Geneva (6 June, 2013) - United Nations human rights experts have voiced grave concern that two Russian non-governmental organizations that gave evidence to the UN Committee against Torture have been charged by Russian prosecutors.
The Anti-Discrimination Centre Memorial in St Petersburg and the Public Verdict Foundation in Moscow were charged in April and May respectively with allegedly violating legislation under which non-profit organizations involved in political activity must register as "foreign agents" if they receive money from abroad.
Committee against Torture Chairperson Claudio Grossman and the Committee’s Rapporteur on Reprisals George Tugushi said they had been informed that extracts from the groups’ submissions to the Committee last November had been cited as a basis for the charges.
They have written to the Russian ambassador to the United Nations in Geneva, Alexey Borodavkin, seeking urgent clarification and reassurances that Memorial, Public Verdict and other NGOs will not face any reprisals “as a result of their legitimate activities, including providing information to the Committee against Torture”.
The experts reminded the Russian authorities that reprisals would contravene the Convention against Torture, to which Russia is a party.
Under the Convention, “Steps shall be taken to ensure that the complainant and witnesses are protected against all ill-treatment or intimidation as a consequence of his complaint or any evidence given”, Mr Grossman and Mr Tugushi noted.
The action by prosecutors against Memorial and Public Verdict was, they wrote, “part of the worrying shift in the legislative environment governing the enjoyment of the freedoms of assembly, association, speech and information”.
They recalled that UN High Commissioner for Human Rights Navi Pillay last year expressed concern about legislative amendments in the Russian Federation.

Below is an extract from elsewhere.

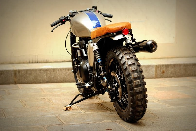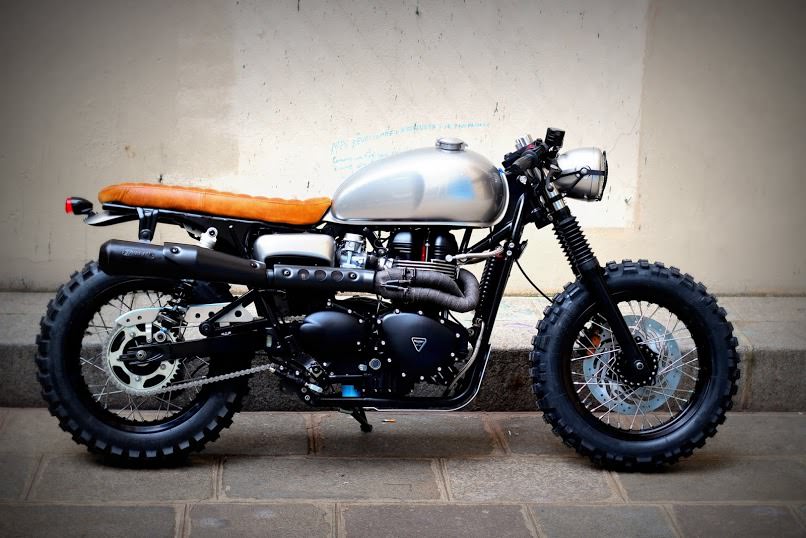 This beautiful Triumph cafe racer/dirt tracker is the most recent creation from Vintage Racers, a Paris based motorcycle club, blog and garage. The first impression the bike gives you is that it’s ready to cross the Maginot Line and invade Germany with its twin exhaust pipes blazing, the chunky tires and meshed headlight give the Triumph a look so gruff that I suspect other motorcycles would cross the street to avoid making eye contact with it.

On 14 May 2013, three UN independent human rights rapporteurs highlighted the “obstructive, intimidating and stigmatizing effects” of the law on non-commercial organizations (NCOs), which were being subjected to an “unprecedented wave of inspections”.
The Committee against Torture periodically reviews countries to monitor their implementation of the Convention against Torture and Other Cruel, Inhuman and Degrading Punishment.
The Russian Federation was among those countries examined in November 2012.
In its concluding report, the Committee Against Torture urged Russia to ensure no individual or group would be subjected to prosecution for communicating with or giving information to the Committee or other UN human rights bodies.